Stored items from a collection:
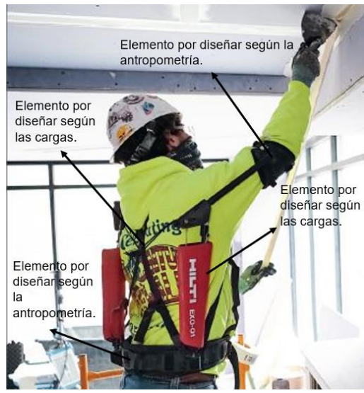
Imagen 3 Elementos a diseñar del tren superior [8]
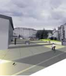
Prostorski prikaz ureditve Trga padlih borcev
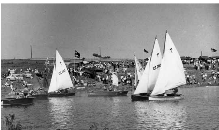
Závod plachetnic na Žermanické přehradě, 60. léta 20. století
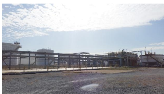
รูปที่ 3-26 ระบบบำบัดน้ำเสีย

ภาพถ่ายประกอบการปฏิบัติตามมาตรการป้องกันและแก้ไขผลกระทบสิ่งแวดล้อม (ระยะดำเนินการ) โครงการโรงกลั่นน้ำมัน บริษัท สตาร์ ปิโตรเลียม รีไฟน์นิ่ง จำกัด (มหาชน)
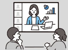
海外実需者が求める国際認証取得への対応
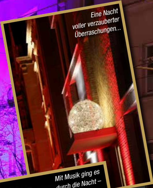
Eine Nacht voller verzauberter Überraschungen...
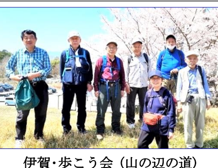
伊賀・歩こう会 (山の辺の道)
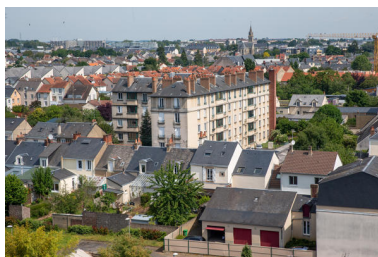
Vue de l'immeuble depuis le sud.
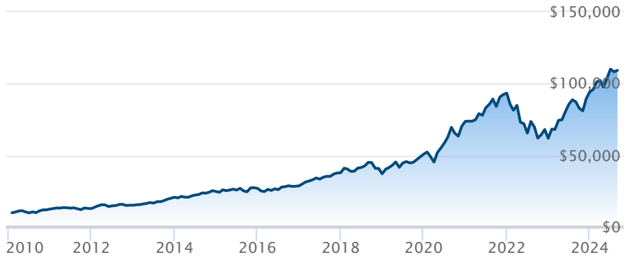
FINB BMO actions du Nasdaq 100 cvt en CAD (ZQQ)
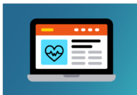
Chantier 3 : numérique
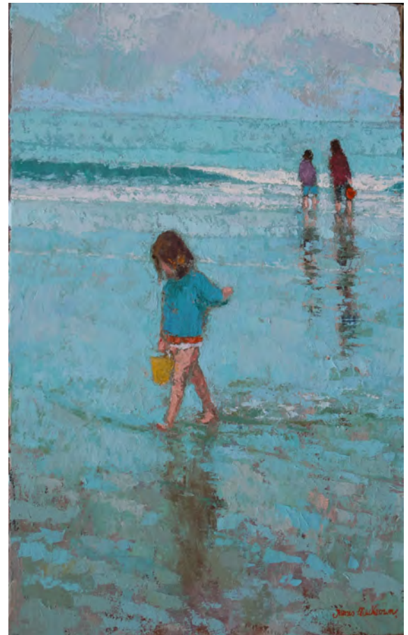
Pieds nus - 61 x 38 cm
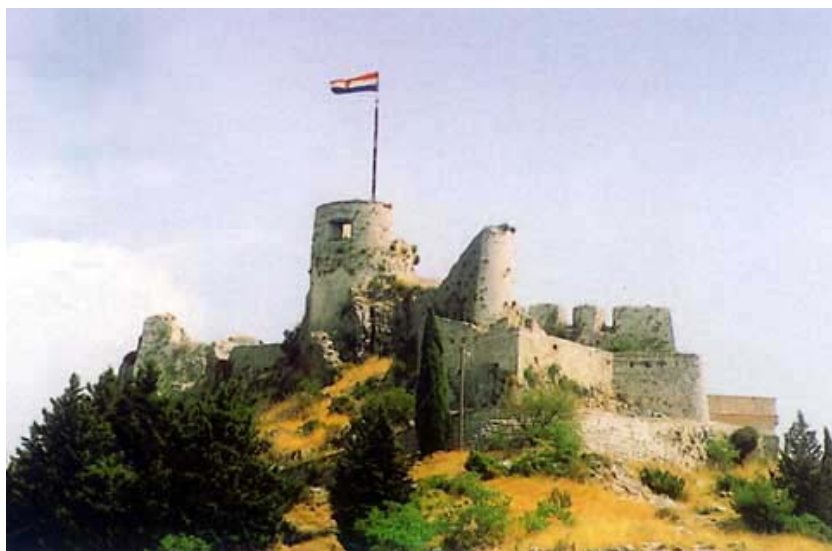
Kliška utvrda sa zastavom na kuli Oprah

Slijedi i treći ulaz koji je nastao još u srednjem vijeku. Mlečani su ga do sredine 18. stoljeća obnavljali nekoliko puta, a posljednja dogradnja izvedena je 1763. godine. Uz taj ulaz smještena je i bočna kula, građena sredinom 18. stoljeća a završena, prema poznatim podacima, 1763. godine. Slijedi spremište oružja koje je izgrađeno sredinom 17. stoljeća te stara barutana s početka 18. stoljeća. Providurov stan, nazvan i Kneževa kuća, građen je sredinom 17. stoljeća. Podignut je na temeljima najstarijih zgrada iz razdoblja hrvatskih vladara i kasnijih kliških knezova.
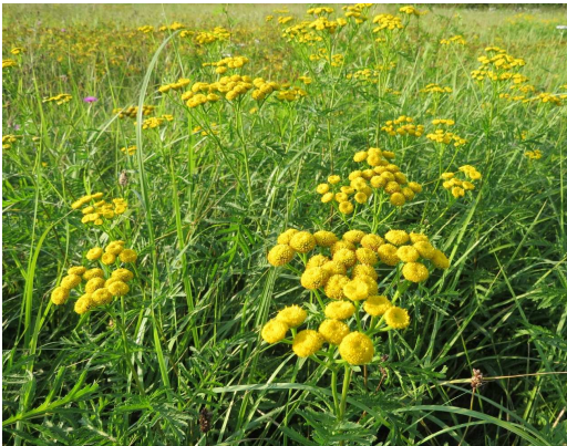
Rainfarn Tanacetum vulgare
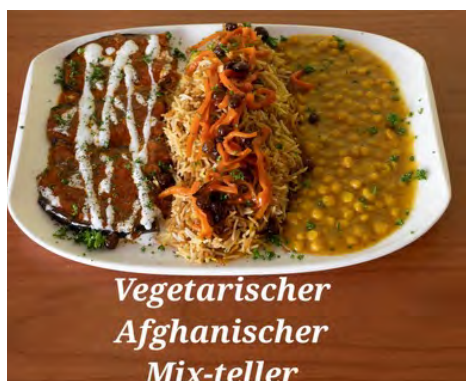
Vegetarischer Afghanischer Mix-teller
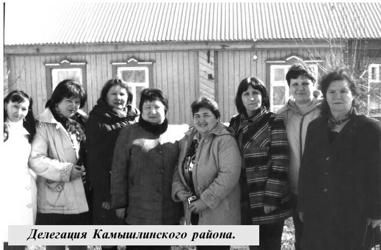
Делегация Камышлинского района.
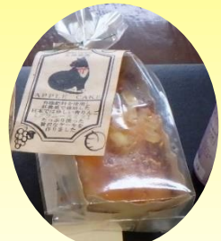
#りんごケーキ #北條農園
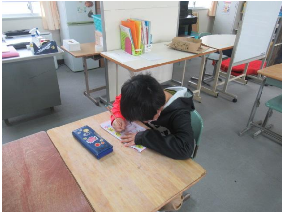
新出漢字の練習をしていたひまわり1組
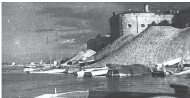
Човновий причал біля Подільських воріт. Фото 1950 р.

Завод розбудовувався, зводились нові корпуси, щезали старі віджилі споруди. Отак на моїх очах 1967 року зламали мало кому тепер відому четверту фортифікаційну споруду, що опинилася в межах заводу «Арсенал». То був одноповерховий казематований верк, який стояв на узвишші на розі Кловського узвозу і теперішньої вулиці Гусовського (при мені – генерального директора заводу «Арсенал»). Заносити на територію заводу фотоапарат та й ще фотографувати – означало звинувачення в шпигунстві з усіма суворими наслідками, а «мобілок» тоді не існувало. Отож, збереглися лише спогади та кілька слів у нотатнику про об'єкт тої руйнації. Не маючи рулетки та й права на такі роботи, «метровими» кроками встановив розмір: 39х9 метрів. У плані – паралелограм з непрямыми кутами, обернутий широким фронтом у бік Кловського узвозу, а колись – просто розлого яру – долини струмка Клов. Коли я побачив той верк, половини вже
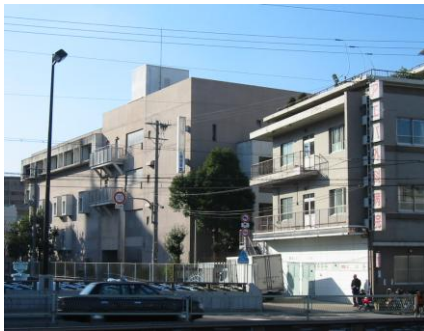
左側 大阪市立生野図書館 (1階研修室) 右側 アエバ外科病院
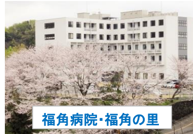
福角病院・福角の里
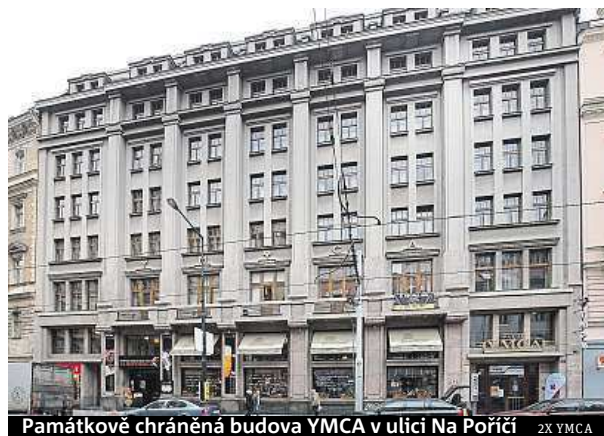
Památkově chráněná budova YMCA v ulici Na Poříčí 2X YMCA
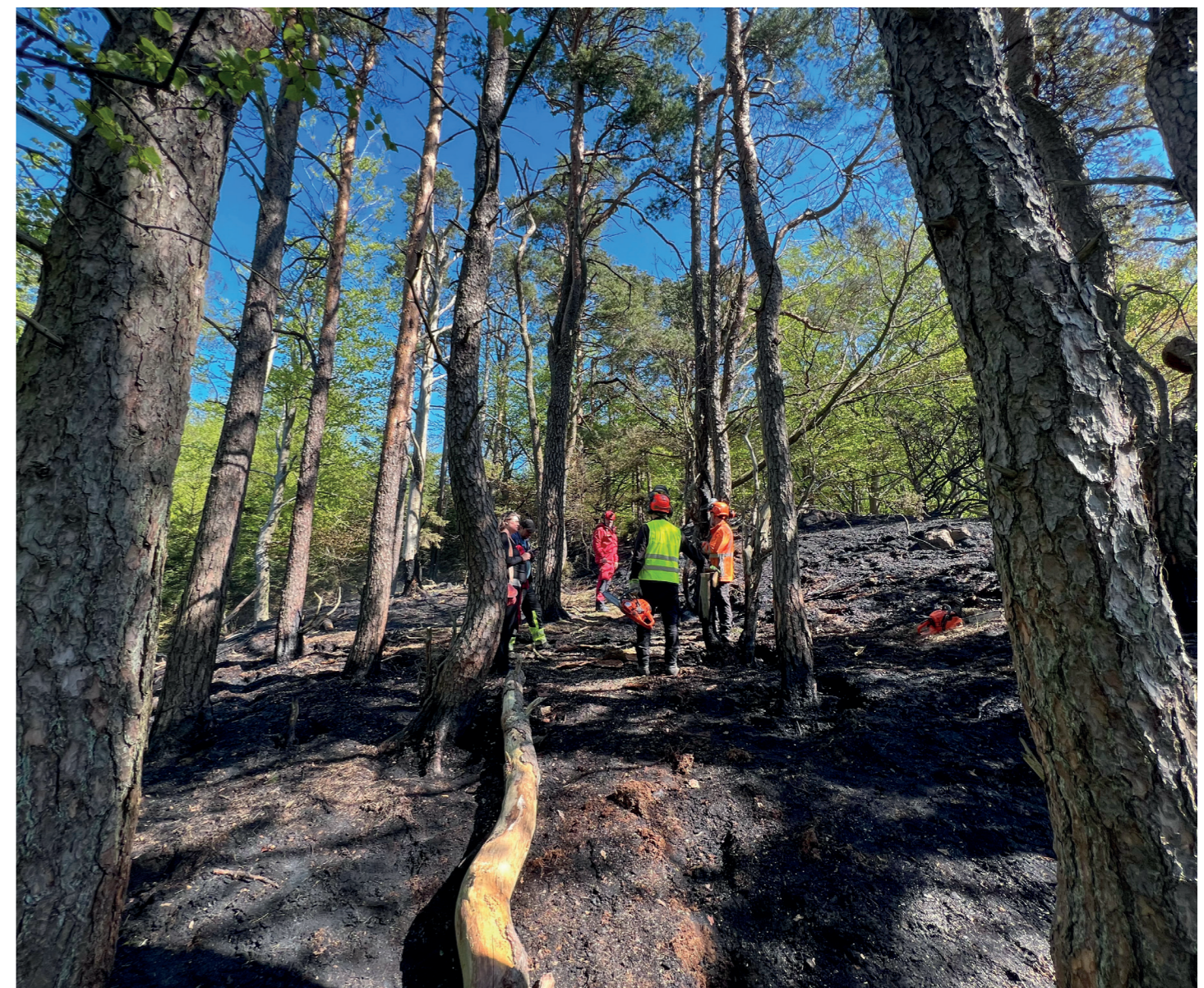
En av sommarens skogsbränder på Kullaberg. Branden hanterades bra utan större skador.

Directions:
Lines from the one above containing "Vue de l'immeuble depuis le sud." down to the one containing "Kliška utvrda sa zastavom na kuli Oprah" should be transcribed exactly, with both ends kept and no pictures.

Written solution:
Vue de l'immeuble depuis le sud.
FINB BMO actions du Nasdaq 100 cvt en CAD (ZQQ)
Chantier 3 : numérique
Pieds nus - 61 x 38 cm
Kliška utvrda sa zastavom na kuli Oprah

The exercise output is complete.